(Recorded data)

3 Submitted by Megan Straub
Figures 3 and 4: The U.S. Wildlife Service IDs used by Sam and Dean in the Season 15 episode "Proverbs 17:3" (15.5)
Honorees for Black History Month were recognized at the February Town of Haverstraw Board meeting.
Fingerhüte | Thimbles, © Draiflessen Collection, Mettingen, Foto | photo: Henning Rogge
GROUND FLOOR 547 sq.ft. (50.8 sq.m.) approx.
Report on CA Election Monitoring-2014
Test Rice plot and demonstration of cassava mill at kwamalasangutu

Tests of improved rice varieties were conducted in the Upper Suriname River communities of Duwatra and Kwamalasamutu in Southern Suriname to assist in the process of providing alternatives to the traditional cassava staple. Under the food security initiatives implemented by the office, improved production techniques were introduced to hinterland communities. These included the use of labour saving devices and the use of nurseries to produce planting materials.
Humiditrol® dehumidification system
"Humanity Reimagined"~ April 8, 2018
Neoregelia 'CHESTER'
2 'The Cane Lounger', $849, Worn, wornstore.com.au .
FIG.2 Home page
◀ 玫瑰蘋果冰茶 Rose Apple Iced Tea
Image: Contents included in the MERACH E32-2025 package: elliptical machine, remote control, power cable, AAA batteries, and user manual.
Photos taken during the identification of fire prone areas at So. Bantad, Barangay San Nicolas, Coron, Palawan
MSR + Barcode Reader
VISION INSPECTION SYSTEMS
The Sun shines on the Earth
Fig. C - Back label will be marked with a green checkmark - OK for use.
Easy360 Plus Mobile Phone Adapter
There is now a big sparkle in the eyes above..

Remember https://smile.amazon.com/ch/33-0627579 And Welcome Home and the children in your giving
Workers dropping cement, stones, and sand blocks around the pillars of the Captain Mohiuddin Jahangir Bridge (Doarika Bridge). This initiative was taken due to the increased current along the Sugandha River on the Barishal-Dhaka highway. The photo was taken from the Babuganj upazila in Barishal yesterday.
...
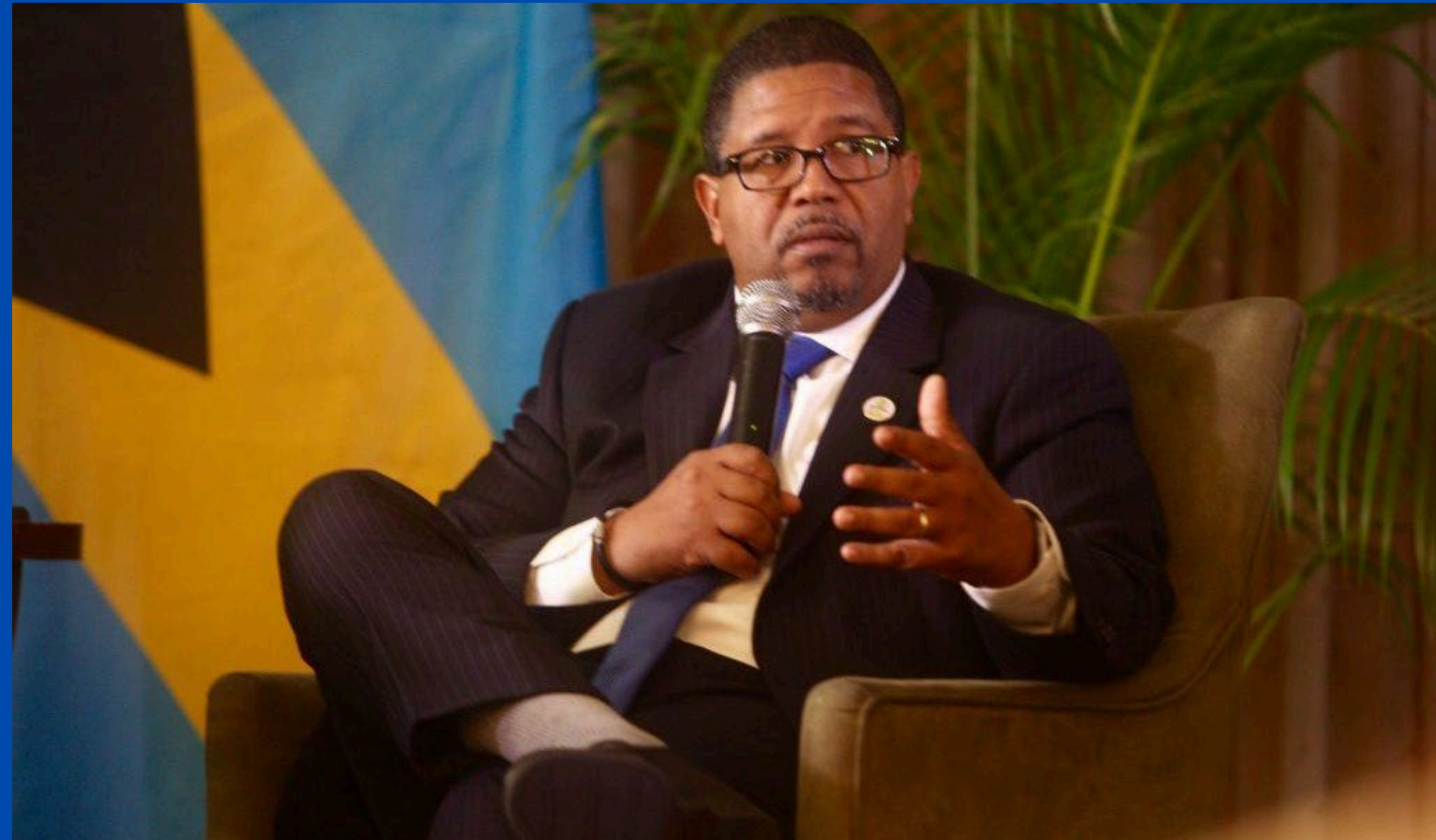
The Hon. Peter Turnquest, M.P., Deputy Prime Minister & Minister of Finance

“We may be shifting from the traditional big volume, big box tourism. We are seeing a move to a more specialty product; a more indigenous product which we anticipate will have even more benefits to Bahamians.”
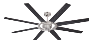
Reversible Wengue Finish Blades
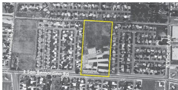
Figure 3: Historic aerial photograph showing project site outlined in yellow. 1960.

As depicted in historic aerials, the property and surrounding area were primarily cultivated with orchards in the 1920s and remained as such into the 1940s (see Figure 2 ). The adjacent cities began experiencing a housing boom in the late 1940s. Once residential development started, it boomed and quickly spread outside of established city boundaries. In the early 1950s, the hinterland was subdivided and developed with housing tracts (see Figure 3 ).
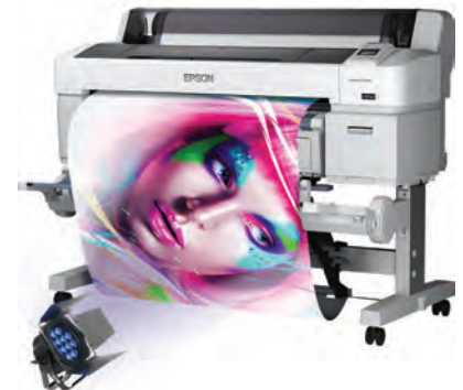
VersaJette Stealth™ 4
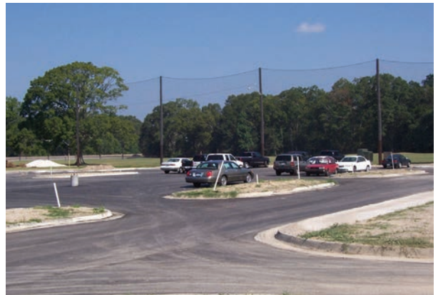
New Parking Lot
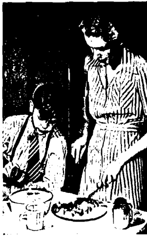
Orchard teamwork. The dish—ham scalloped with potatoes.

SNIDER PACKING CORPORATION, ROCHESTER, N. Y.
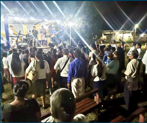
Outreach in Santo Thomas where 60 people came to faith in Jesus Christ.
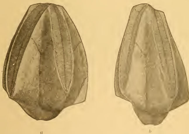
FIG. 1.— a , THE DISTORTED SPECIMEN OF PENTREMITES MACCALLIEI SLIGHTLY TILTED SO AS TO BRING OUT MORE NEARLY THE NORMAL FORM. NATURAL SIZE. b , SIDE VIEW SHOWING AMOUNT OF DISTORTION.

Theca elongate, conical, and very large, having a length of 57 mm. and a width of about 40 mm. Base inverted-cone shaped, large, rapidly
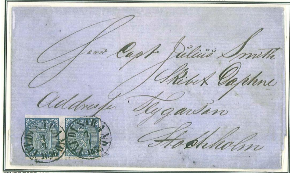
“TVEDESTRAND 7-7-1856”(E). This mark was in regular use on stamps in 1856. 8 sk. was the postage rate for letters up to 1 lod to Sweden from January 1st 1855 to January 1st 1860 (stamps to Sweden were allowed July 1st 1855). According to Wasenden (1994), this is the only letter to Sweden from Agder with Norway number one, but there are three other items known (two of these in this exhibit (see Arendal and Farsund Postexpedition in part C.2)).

What to work on:
What you give back should be exactly the lines of the data above from the line with "There is now" through the line with "Workers dropping cement, stones, and", both of those included, and nothing more.

Written solution:
There is now a big sparkle in the eyes above..

Remember https://smile.amazon.com/ch/33-0627579 And Welcome Home and the children in your giving
Workers dropping cement, stones, and sand blocks around the pillars of the Captain Mohiuddin Jahangir Bridge (Doarika Bridge). This initiative was taken due to the increased current along the Sugandha River on the Barishal-Dhaka highway. The photo was taken from the Babuganj upazila in Barishal yesterday.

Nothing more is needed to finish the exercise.